Photek wrote:As for a united Ireland, I can't see that happening in my life time, just far too many things to negotiate that'd take too long. I mean just one would were would the Government be? The Dail?

Well it'd have to be Dublin, I doubt that'd even be in question.

If a United Ireland is to happen in our lifetime then the government need to start building towards that possibility now. The national debt would need to be tackled aggressively going forward with a government surplus and a real reduction of the debt, not just a reduction in terms of a percentage of GDP, being the target starting in 2018. If support for a United Ireland hit 40% in the North then I think the government of the Republic would need to start building up a reunification fund to cover the costs of a United Ireland. Those sort of policies would be very hard to implement though due to the popularity of so-called anti-austerity politicians like Paul Murphy and Ruth Coppinger.

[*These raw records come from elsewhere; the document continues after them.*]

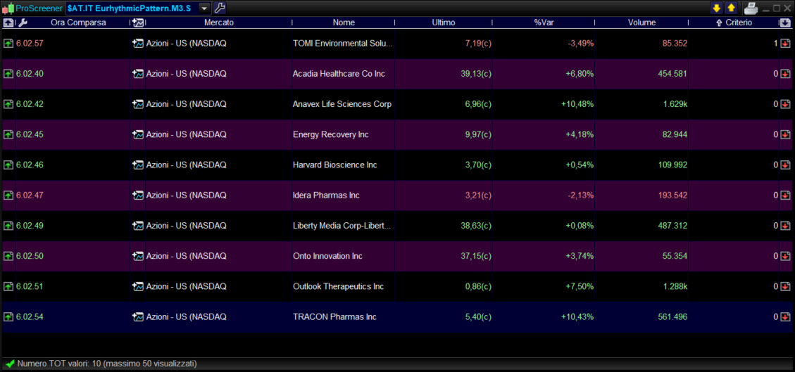 | 2020-11-07 | 06:15.07 | Azioni – US (NASDAQ) | TOMI Environmental Solu | Gartley | Bullish |
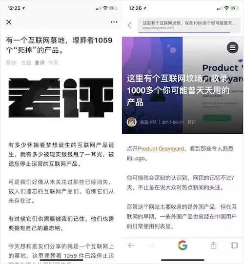 比如,它的标题《有一个互联网墓地,埋葬着1059个“死掉”的产品。》,语言组织编排上和中文互联网上较早(如果不是最早)报道的 PingWest品玩版本《这里有个互联网坟场,收录了1000多个你可能曾天天用的产品》太过于近似:
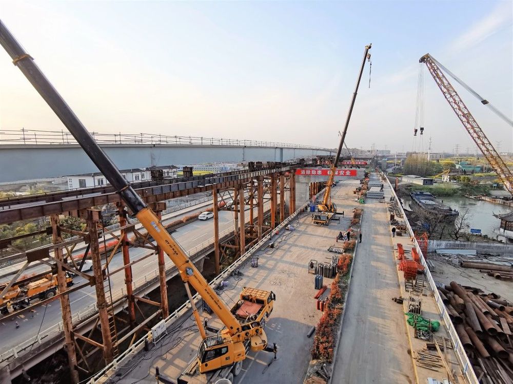 運河南北路快速化改造二期工程(萬福西路—物港路北)全線采用高架式快速路斷面,總長2.73公里,標(biāo)段范圍內(nèi)包含運河南北路高架、萬福路互通樞紐和全線地面道路。高架主線橋上部結(jié)構(gòu)大部分采用現(xiàn)澆預(yù)應(yīng)力混凝土連續(xù)箱梁,在運河北路與古運河交界處,設(shè)計在原夫差橋上方進行施工架設(shè),平行上跨新建230米左右幅三跨連續(xù)鋼箱梁,雙向10車道,是揚州快速環(huán)路中唯一一座平行上跨新建的“橋上橋”。其中,鋼箱梁施工采用的是搭設(shè)高空施工平臺,將鋼箱梁吊運至平臺上拼裝,然后頂推到位的方法施工。
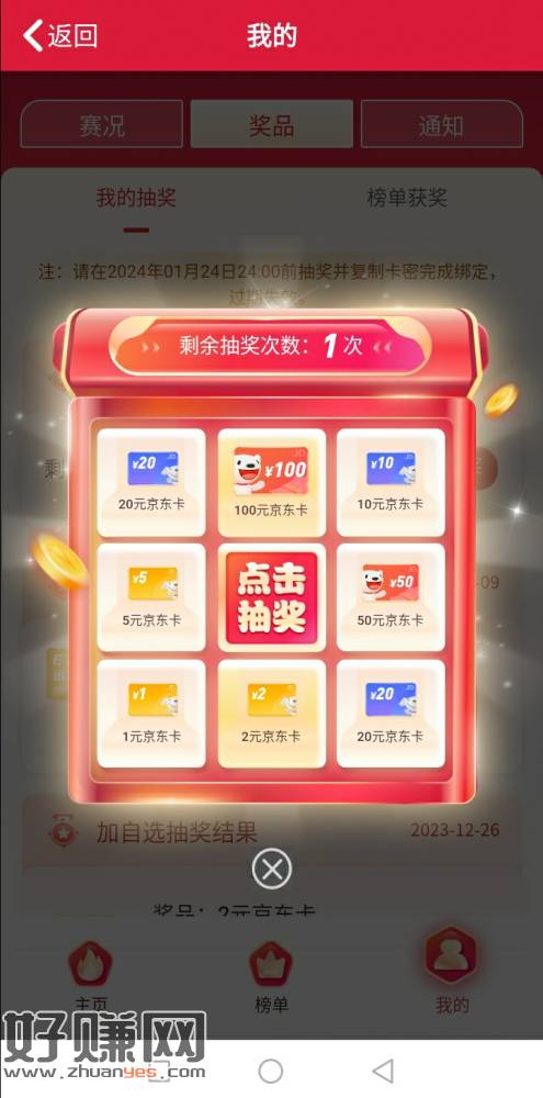 上个月报名参加 方正证券,一键加自选抽京东E卡的,到首页_ETF大赛 我的、奖品里 补了一次抽奖机会!!!

I used to think that a United Ireland is something that would never happen and while I still think it's very unlikely anytime soon it's now something I think will eventually happen. A large part of that belief is because the values of the main Unionist parties, the DUP and UUP, are too tied up in hard-line protestant values. Stuff like gay marriage and access to abortion has sod all to do with Unionism but then you see people like Arlene Foster and Edwin Poots put opposing those issues near the top of the DUPs manifesto and it just drives people, especially younger people, towards parties like the Alliance party. They are hurting Unionism with this approach and if they don't change course soon a United Ireland may just become a question of when, not if.